= Data extract =

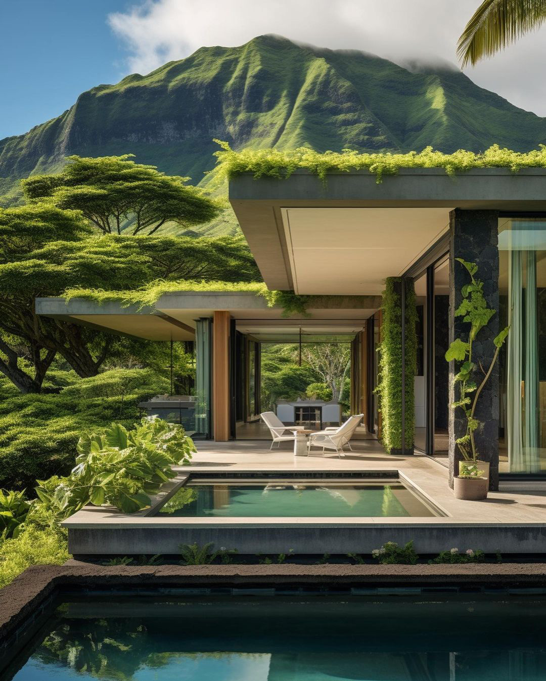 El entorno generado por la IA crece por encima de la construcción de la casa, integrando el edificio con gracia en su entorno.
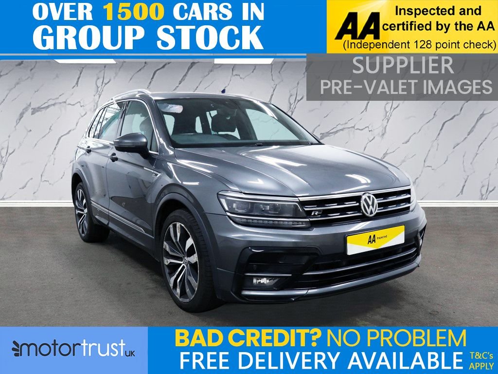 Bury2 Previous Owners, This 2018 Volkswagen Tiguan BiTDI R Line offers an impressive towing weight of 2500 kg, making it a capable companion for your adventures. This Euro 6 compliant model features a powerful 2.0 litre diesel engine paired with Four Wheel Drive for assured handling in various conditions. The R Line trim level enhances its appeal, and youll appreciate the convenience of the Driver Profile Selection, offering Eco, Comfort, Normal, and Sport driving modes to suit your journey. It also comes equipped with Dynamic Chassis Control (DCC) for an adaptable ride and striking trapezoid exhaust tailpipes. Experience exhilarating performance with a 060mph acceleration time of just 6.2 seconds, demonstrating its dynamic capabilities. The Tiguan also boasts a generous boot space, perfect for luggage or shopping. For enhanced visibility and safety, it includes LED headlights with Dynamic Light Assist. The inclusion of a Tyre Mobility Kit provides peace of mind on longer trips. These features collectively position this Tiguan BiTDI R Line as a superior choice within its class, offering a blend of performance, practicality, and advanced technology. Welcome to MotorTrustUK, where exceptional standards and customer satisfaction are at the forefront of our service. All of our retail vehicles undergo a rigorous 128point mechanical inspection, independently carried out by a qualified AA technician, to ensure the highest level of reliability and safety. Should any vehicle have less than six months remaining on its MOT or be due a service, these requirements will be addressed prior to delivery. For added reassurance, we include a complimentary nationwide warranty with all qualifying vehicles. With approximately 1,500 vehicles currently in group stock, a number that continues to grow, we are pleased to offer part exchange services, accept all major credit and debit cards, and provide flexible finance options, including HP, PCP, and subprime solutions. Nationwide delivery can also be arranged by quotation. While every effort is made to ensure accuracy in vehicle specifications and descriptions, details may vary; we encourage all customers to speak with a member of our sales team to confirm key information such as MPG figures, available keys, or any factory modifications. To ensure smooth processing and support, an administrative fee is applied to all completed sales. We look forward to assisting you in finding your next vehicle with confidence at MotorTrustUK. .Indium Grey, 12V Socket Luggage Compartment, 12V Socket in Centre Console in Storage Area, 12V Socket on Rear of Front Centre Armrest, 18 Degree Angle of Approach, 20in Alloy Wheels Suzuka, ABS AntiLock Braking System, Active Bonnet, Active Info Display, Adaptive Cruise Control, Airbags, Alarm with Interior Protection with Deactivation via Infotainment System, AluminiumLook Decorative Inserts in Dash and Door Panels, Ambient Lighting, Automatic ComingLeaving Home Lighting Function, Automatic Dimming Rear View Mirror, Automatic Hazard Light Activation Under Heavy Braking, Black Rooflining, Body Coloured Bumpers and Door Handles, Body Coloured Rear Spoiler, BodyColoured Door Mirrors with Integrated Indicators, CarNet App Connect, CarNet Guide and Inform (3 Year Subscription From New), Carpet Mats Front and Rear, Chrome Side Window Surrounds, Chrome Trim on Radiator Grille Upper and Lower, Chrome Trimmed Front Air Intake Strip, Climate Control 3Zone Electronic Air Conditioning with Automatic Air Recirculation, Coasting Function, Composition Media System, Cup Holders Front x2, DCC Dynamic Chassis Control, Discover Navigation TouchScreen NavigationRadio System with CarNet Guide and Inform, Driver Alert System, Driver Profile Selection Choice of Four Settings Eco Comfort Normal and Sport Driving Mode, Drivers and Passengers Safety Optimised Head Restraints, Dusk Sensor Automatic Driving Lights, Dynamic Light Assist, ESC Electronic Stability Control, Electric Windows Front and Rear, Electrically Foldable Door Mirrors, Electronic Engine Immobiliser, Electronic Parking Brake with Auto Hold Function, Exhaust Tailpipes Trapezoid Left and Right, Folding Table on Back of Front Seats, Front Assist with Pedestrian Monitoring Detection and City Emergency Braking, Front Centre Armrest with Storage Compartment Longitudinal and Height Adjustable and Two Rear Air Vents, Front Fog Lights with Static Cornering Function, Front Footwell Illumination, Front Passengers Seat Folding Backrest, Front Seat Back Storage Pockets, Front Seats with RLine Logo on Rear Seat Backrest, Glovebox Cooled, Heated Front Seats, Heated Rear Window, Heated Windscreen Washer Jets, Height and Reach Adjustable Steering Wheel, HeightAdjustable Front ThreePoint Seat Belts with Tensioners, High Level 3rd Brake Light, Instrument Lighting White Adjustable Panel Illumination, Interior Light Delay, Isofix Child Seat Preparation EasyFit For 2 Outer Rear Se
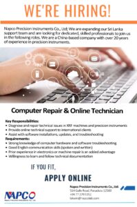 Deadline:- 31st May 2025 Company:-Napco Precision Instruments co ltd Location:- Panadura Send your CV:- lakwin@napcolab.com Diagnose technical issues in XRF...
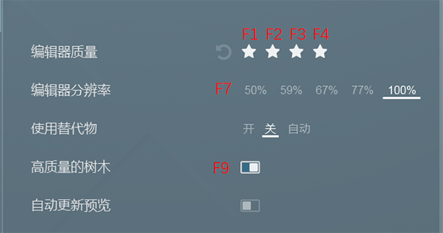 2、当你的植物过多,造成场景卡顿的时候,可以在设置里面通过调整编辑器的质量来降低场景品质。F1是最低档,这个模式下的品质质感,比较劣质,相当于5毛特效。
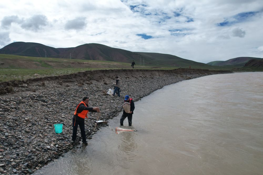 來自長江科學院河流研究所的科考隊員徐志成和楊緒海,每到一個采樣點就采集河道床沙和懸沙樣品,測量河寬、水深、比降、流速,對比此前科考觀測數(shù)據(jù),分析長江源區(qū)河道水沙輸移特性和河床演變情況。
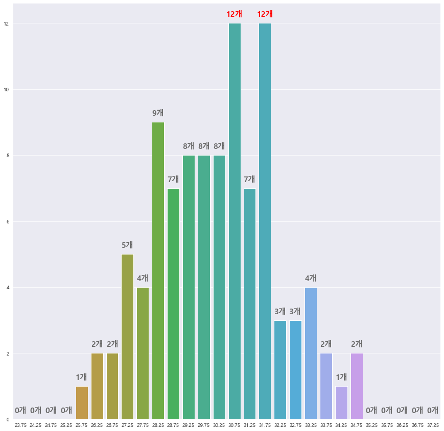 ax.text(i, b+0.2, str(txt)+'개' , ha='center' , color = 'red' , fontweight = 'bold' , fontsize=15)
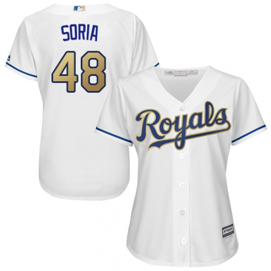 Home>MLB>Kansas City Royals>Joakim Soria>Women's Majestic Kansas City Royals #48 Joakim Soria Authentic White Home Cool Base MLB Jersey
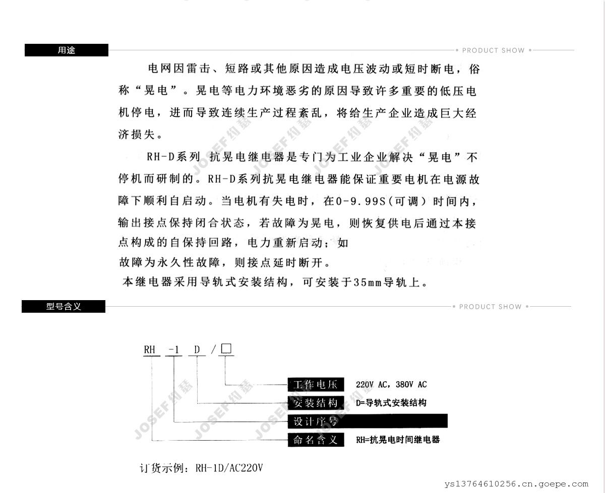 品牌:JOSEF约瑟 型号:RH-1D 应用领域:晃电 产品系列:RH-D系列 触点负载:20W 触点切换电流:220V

= Task prompt =
Only the lines from the one containing "Deadline:- 31st May" through the final line of the material should appear in the answer, copied exactly and without any picture.

= Result for this exercise =
 Deadline:- 31st May 2025 Company:-Napco Precision Instruments co ltd Location:- Panadura Send your CV:- lakwin@napcolab.com Diagnose technical issues in XRF...
 2、当你的植物过多,造成场景卡顿的时候,可以在设置里面通过调整编辑器的质量来降低场景品质。F1是最低档,这个模式下的品质质感,比较劣质,相当于5毛特效。
 來自長江科學院河流研究所的科考隊員徐志成和楊緒海,每到一個采樣點就采集河道床沙和懸沙樣品,測量河寬、水深、比降、流速,對比此前科考觀測數(shù)據(jù),分析長江源區(qū)河道水沙輸移特性和河床演變情況。
 ax.text(i, b+0.2, str(txt)+'개' , ha='center' , color = 'red' , fontweight = 'bold' , fontsize=15)
 Home>MLB>Kansas City Royals>Joakim Soria>Women's Majestic Kansas City Royals #48 Joakim Soria Authentic White Home Cool Base MLB Jersey
 品牌:JOSEF约瑟 型号:RH-1D 应用领域:晃电 产品系列:RH-D系列 触点负载:20W 触点切换电流:220V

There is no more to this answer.